DNA extraction and quantification
DNA from blood was extracted using a modified salting out procedure , PrepFiler Express™ Forensic DNA Extraction Kit (TFS) or standard phenol-chloroform method. Previously used DNA extracts were stored frozen, at 4° C or room temperature (the percentage of methylation detected from different storage conditions was checked randomly and compared with previous Pyrosequencing results) . DNA from buccal swabs and postmortem samples including bones was extracted using a silica-based method with Sherlock AX kit (A&A Biotechnology, Gdansk, Poland). Bone surfaces were cleared of soft tissue with a sterile scalpel and the entire exterior was abraded with a grindstone attached to a Dremel rotary tool to remove potential contaminants. Before the extraction bone pieces (~1cm3) were treated with 15% bleach for 1min, repeatedly shaken with 100% ethanol and distilled water (dH2O), and finally subjected to UV irradiation.
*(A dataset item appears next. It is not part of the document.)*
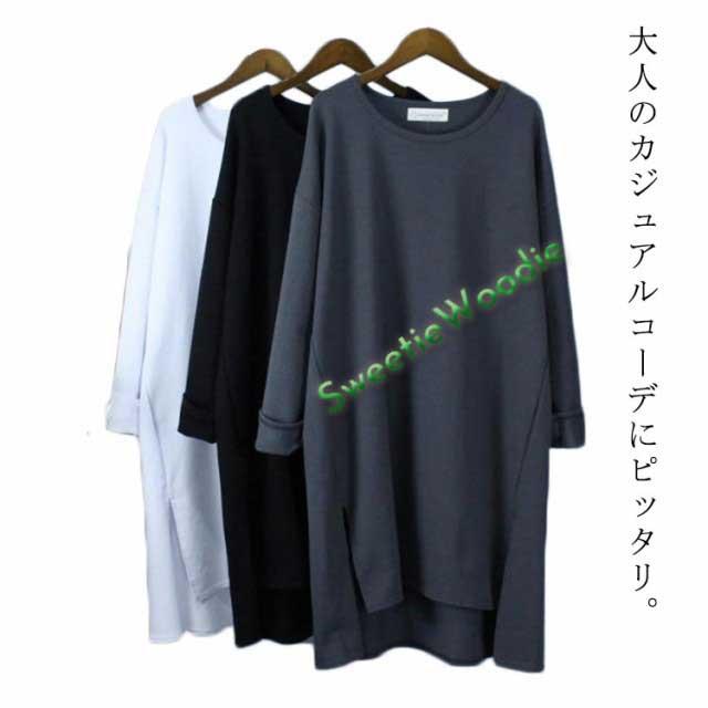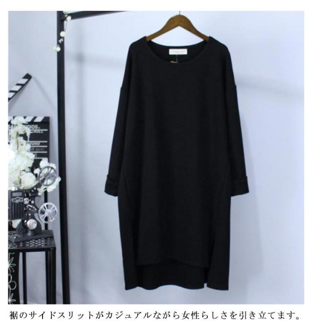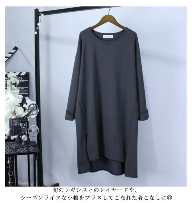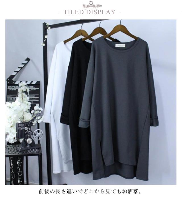 長袖Tシャツワンピース ワンピ tシャツワンピース ドロップショルダー 厚手 膝丈 スリット 長袖 不規則 クルーネック ボリューム袖 ルームウエア 無地 秋服 春服 ブラック 黒 ホワイト 黒 グレー

The thoroughly dried samples were pulverized using a FreezerMill 6750 apparatus (Spex CertiPrep, NJ, USA) and EDTA decalcification applied to each of the samples. DNA concentration was measured in all samples using Qubit dsDNA HS Assay Kit with the Qubit instrument.
Bisulfite sequencing of samples using the VISAGE assay
DNA from blood was subjected to bisulfite conversion (BC) using the Qiagen 96-well bisulfite conversion kit (Qiagen, Hilden, Germany). In most blood samples, 2,000 ng of DNA was used, and elution was made in 100 μl of elution buffer. In 27 samples with lower DNA concentration (400 ng or less) the elution volume was reduced to 40 μl. Bisulfite conversion of DNA extracted from buccal swab samples and the 233 postmortem samples (161 bone samples and 72 tissues samples) was conducted with the EZ DNA Methylation-Direct Kit (Zymo Research). In all swab samples, DNA input for bisulfite conversion was 200 ng in an elution volume of 10 μl. In samples collected postmortem, the DNA input for BC was 500 ng and the elution volume was 25 μl. DNA methylation data was collected for all samples using the VISAGE assay. Each PCR reaction contained 5 μl bisulfite converted DNA except for samples with lower DNA concentration when 8 or 10 μl BC DNA were used for the PCR amplification. MPS sequencing was performed on the Illumina MiSeq FGx instrument with the MiSeq FGx ForenSeq Reagent Kit, MiSeq Reagent Kit v2 300 cycles and MiSeq Reagent Kits Nano 300 cycles with 5% PhiX Control (except for the first experimental run, which used 1% PhiX Control). The final DNA pool was diluted to 7-12 pM, depending on the run and tissue type. Pools were made from 40 to 74 libraries (including 0% and 100% DNA methylation controls) combined. The MiSeq instrument was set to perform paired-end sequencing of 151 reads in both directions and to complete the data collection, seven main and five additional sequencing runs were performed (Supplementary Table 4).
MPS data analysis
Alignment was carried out relative to a custom reference genome containing only the targeted sequences (Supplementary Table 5) using an adapted Burrows-Wheeler alignment for bisulfite converted DNA sequences – bwa-meth . An additional quality control step was performed on the raw data (fastq) for the samples used for predictive modelling, which was reviewed in detail with FastQC software . Bam file creation, sorting, filtering and indexing was performed with Samtools . Alignments of all samples were inspected using the Integrative Genomics Viewer (IGV) . Total numbers of read information was extracted from amplicon positions using bam-readcount with minimum mapping quality and minimum base quality thresholds set to 30 [https://github.com/genome/bam-readcount]. At target CpG sites, obtained C reads were divided by the sum of C reads and T reads to calculate beta values. Observed methylation values refer to percentage beta values. Bisulfite conversion efficiency of samples was estimated by calculating the percentage of mean reversed beta values from all non-CpG-Cs (T reads divided by the sum of C reads and T reads). Total coverage refers to the sum of the number of reads per amplicon (one CpG site per amplicon was selected). Read depth was normalized by dividing the read depth at target positions by the total coverage. Only CpG sites with the minimum number of 1,000 reads were accepted for further analyses including the prediction modelling that was then applied to the data. For statistical analyses Microsoft Excel and R [https://www.r-project.org/]  were used.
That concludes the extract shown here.